■ **TASK DETAILS**:
Exclude the pictures, then restate exactly each line of the data below from the first through the line containing "空間に鮮やかなアクセントを添える、イエローオーバーダイのヴィンテージラグ。".
#### DATASET EXTRACT
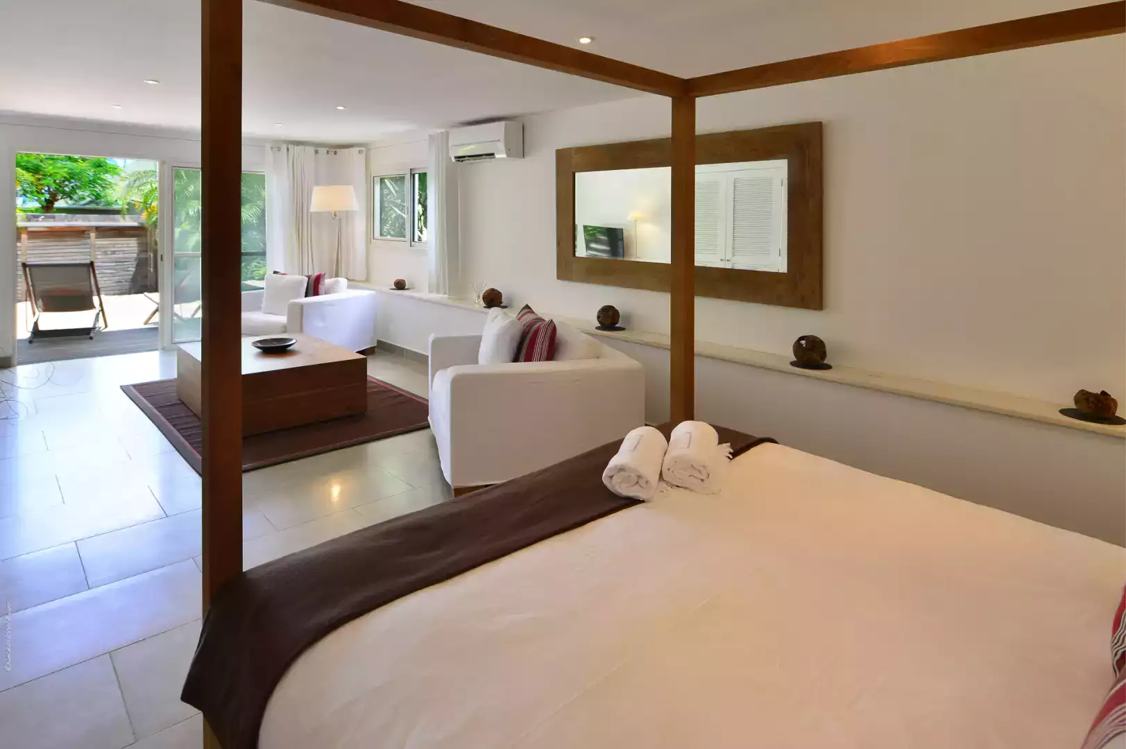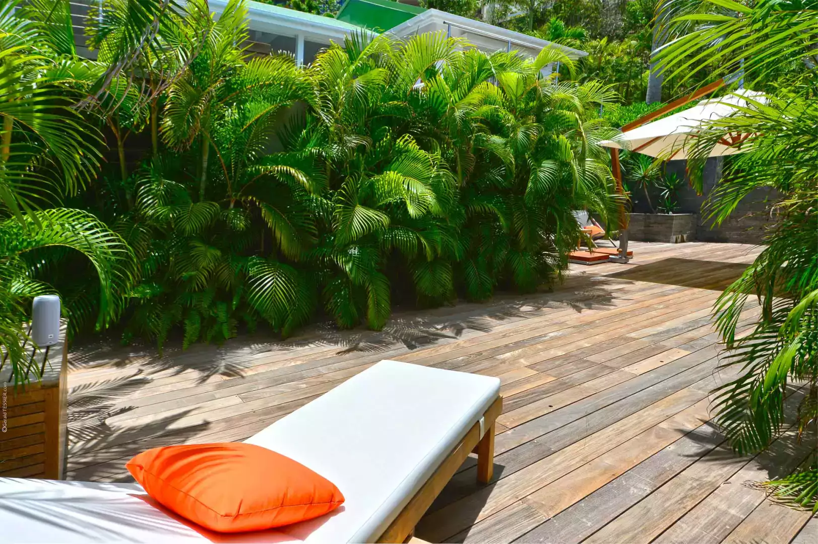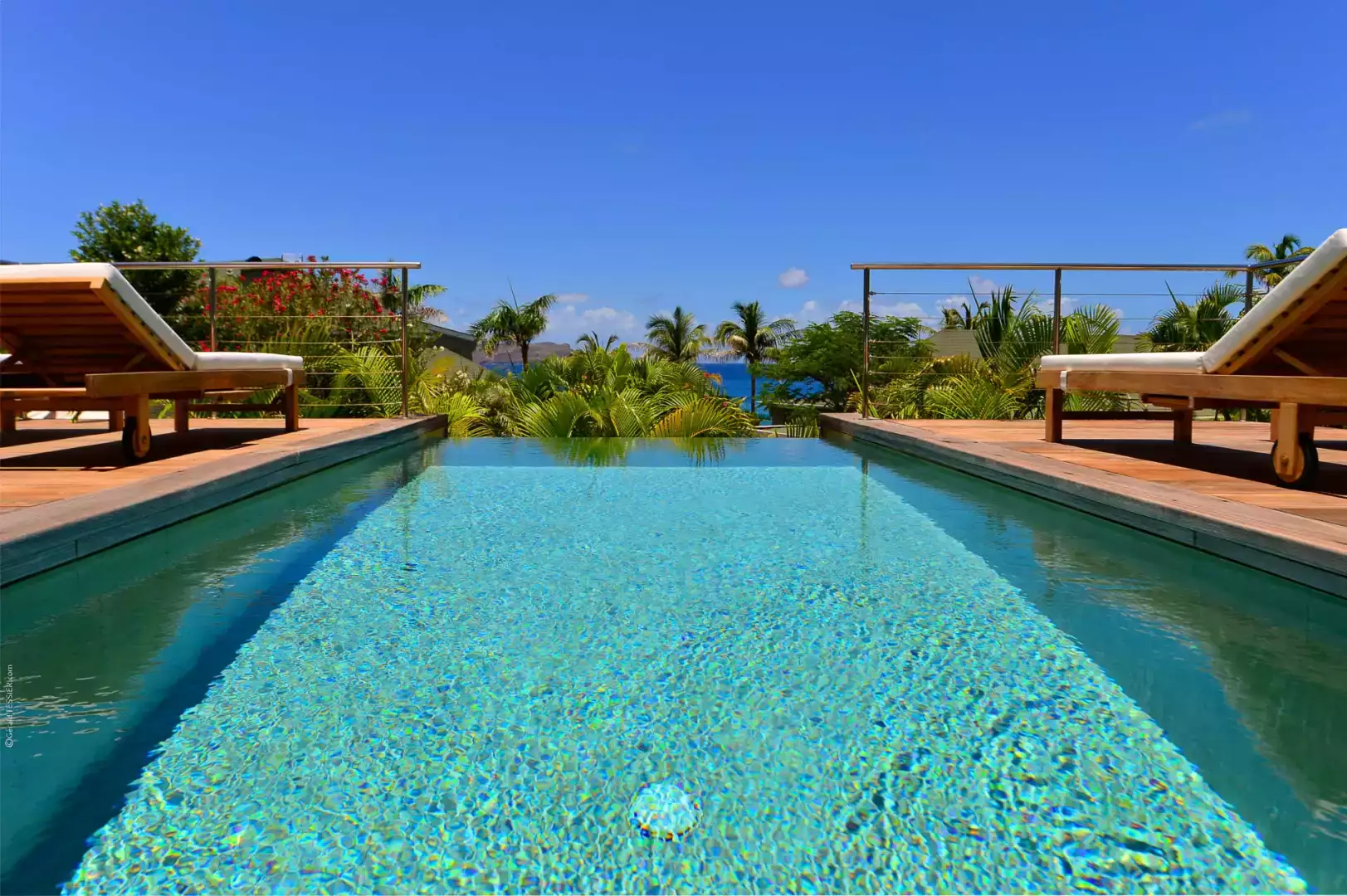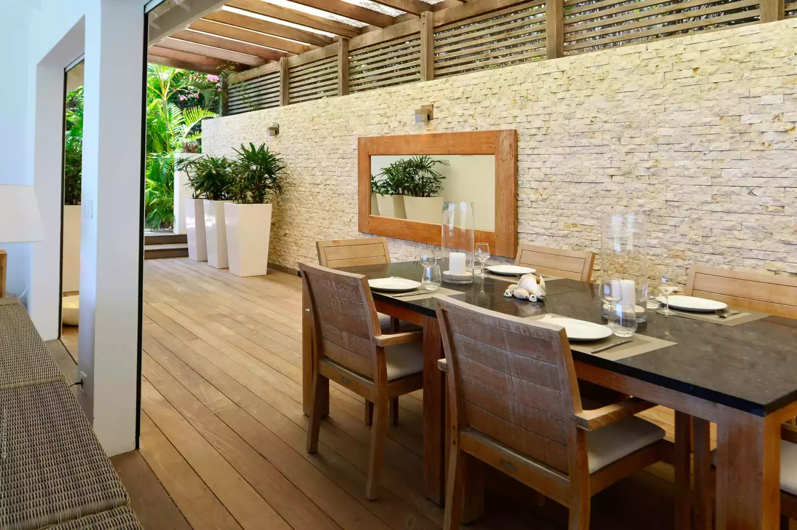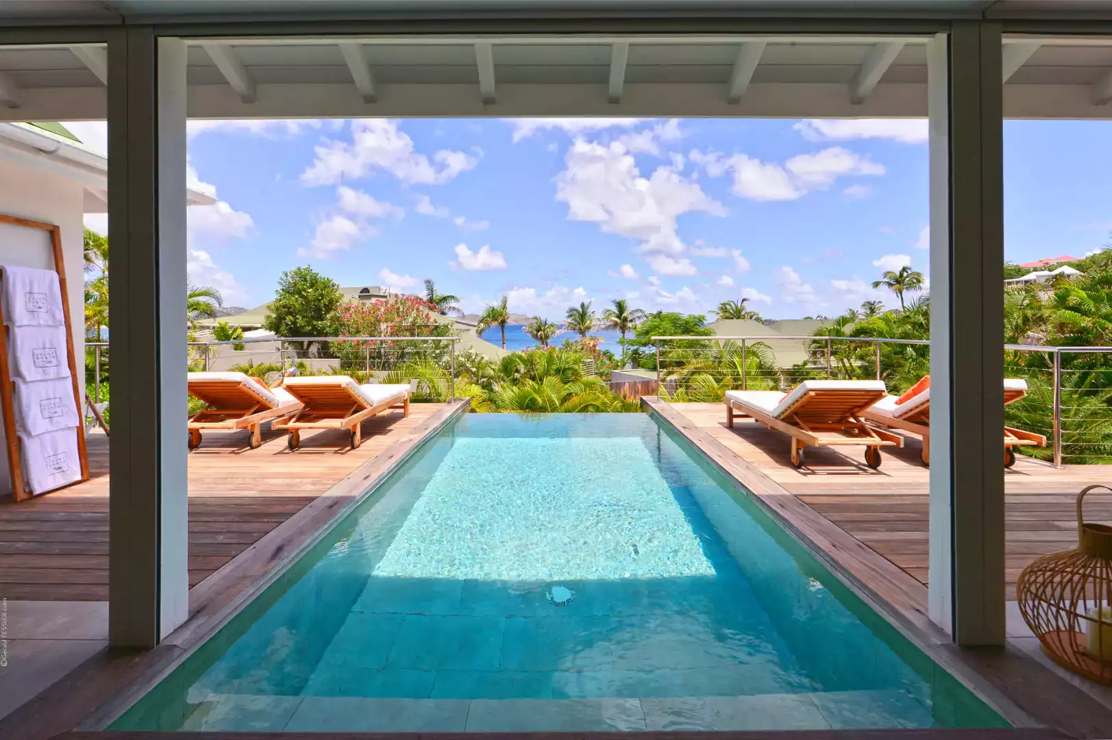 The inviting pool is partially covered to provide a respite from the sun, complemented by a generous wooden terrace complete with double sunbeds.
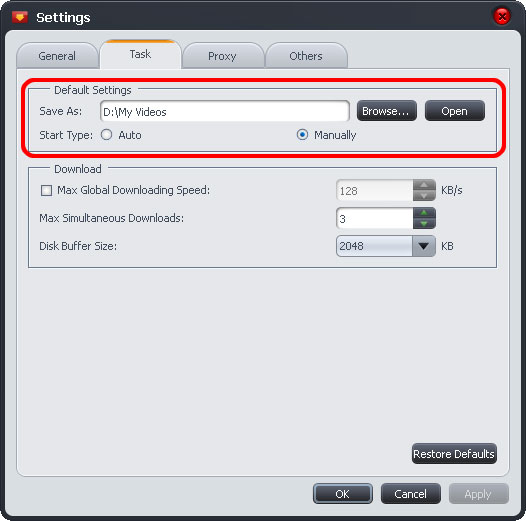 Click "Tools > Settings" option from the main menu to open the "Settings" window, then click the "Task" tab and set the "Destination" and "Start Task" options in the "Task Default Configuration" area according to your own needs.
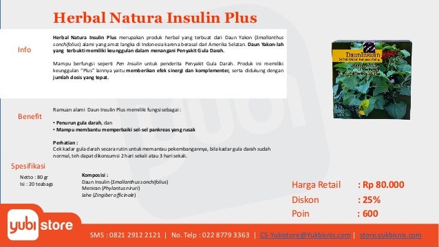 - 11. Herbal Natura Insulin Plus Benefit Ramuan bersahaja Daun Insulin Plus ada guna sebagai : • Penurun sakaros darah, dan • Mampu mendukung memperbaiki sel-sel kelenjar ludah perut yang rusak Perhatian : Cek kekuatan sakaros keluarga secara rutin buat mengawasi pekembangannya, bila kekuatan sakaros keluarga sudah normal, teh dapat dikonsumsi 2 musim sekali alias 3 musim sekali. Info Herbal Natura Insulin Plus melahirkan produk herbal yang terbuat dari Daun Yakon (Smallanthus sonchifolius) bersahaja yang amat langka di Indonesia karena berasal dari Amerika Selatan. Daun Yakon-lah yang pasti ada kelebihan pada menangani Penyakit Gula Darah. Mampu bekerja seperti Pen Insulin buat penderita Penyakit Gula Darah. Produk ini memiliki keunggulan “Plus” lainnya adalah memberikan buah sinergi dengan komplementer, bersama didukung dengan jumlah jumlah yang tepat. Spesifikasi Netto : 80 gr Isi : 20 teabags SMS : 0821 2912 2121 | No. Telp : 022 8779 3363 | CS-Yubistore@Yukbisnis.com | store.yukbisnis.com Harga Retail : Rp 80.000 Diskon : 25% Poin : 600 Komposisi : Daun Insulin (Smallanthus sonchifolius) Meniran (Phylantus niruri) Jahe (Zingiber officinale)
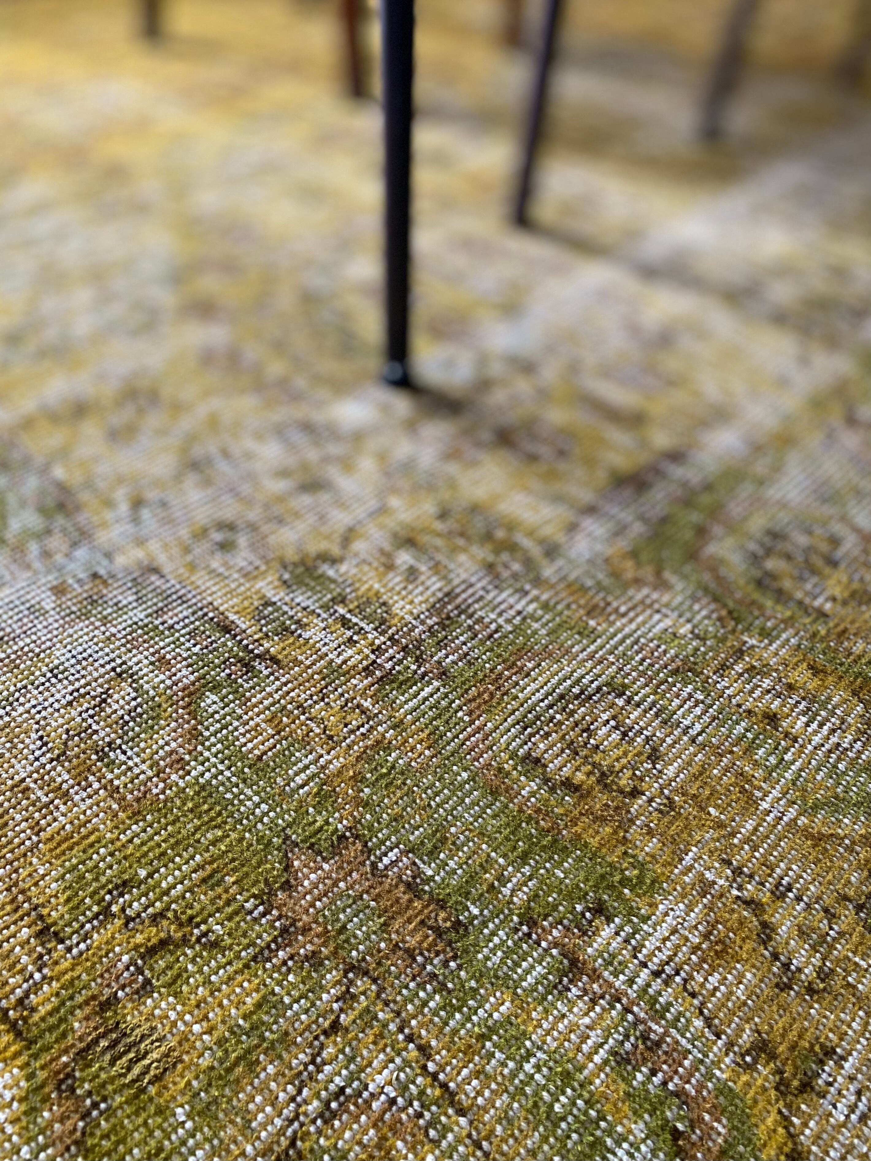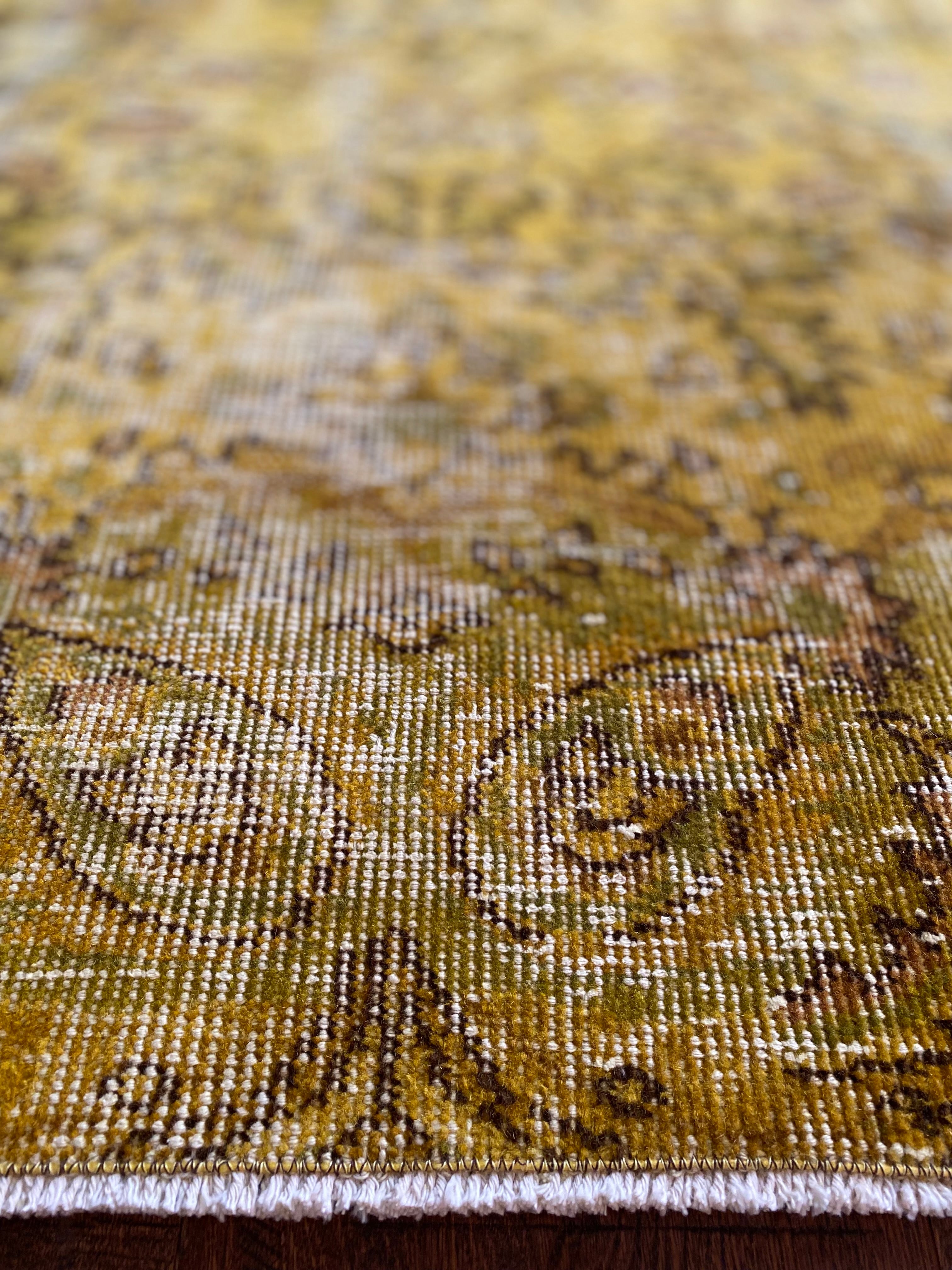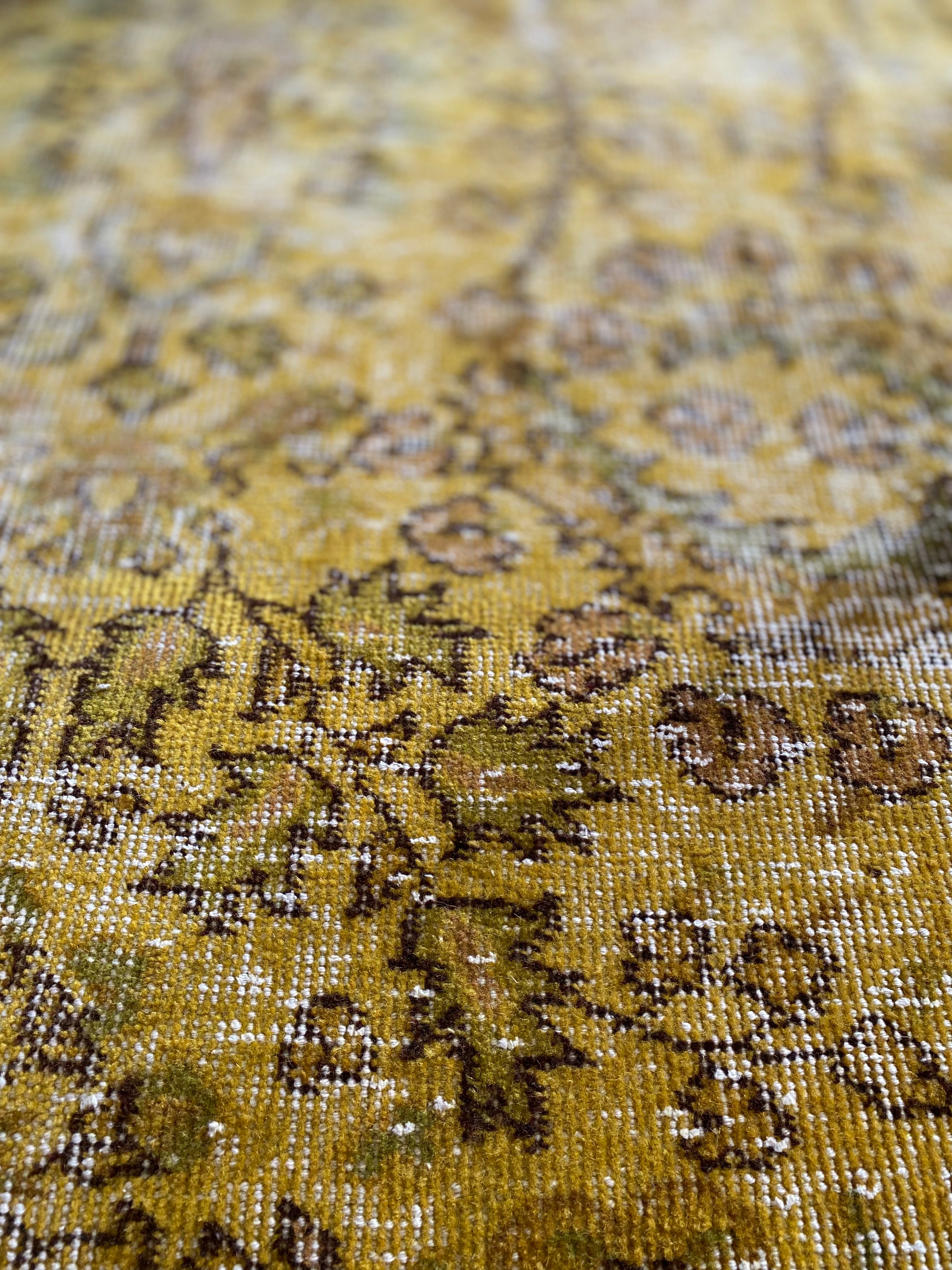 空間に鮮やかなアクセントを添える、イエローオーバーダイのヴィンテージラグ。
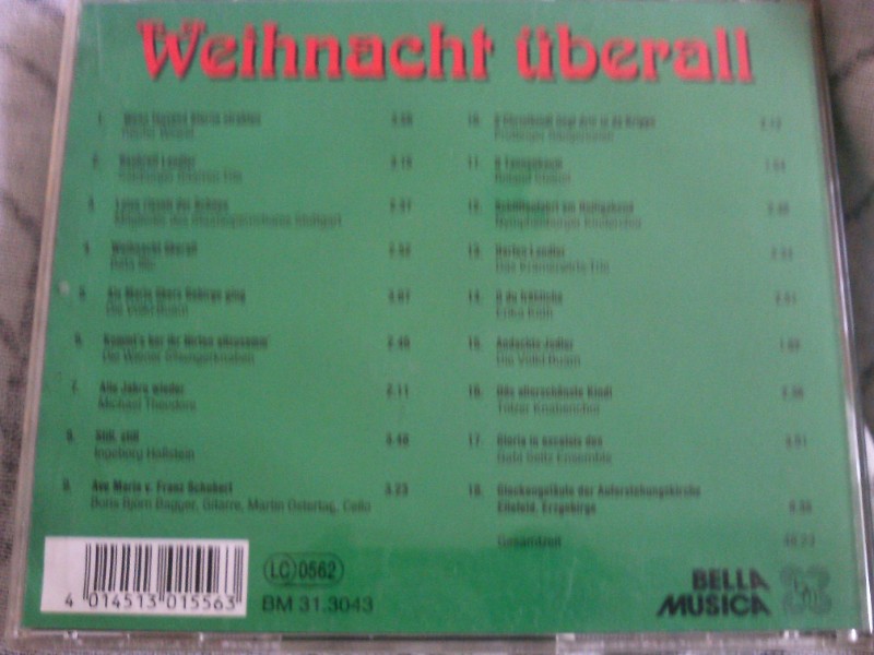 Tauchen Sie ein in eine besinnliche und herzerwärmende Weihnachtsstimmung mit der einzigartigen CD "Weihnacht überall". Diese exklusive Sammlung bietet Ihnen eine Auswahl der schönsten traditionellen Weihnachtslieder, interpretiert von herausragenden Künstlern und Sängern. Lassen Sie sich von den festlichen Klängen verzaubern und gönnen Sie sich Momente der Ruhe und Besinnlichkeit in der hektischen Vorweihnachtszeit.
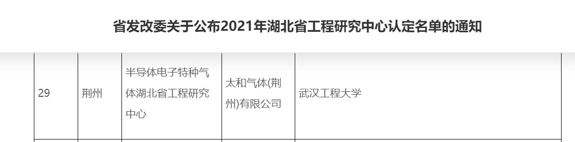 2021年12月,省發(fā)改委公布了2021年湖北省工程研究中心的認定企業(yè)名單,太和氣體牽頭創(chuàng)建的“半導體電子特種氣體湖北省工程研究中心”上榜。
########
■ **RESPONSE TO THIS TASK**:
 The inviting pool is partially covered to provide a respite from the sun, complemented by a generous wooden terrace complete with double sunbeds.
 Click "Tools > Settings" option from the main menu to open the "Settings" window, then click the "Task" tab and set the "Destination" and "Start Task" options in the "Task Default Configuration" area according to your own needs.
 - 11. Herbal Natura Insulin Plus Benefit Ramuan bersahaja Daun Insulin Plus ada guna sebagai : • Penurun sakaros darah, dan • Mampu mendukung memperbaiki sel-sel kelenjar ludah perut yang rusak Perhatian : Cek kekuatan sakaros keluarga secara rutin buat mengawasi pekembangannya, bila kekuatan sakaros keluarga sudah normal, teh dapat dikonsumsi 2 musim sekali alias 3 musim sekali. Info Herbal Natura Insulin Plus melahirkan produk herbal yang terbuat dari Daun Yakon (Smallanthus sonchifolius) bersahaja yang amat langka di Indonesia karena berasal dari Amerika Selatan. Daun Yakon-lah yang pasti ada kelebihan pada menangani Penyakit Gula Darah. Mampu bekerja seperti Pen Insulin buat penderita Penyakit Gula Darah. Produk ini memiliki keunggulan “Plus” lainnya adalah memberikan buah sinergi dengan komplementer, bersama didukung dengan jumlah jumlah yang tepat. Spesifikasi Netto : 80 gr Isi : 20 teabags SMS : 0821 2912 2121 | No. Telp : 022 8779 3363 | CS-Yubistore@Yukbisnis.com | store.yukbisnis.com Harga Retail : Rp 80.000 Diskon : 25% Poin : 600 Komposisi : Daun Insulin (Smallanthus sonchifolius) Meniran (Phylantus niruri) Jahe (Zingiber officinale)
 空間に鮮やかなアクセントを添える、イエローオーバーダイのヴィンテージラグ。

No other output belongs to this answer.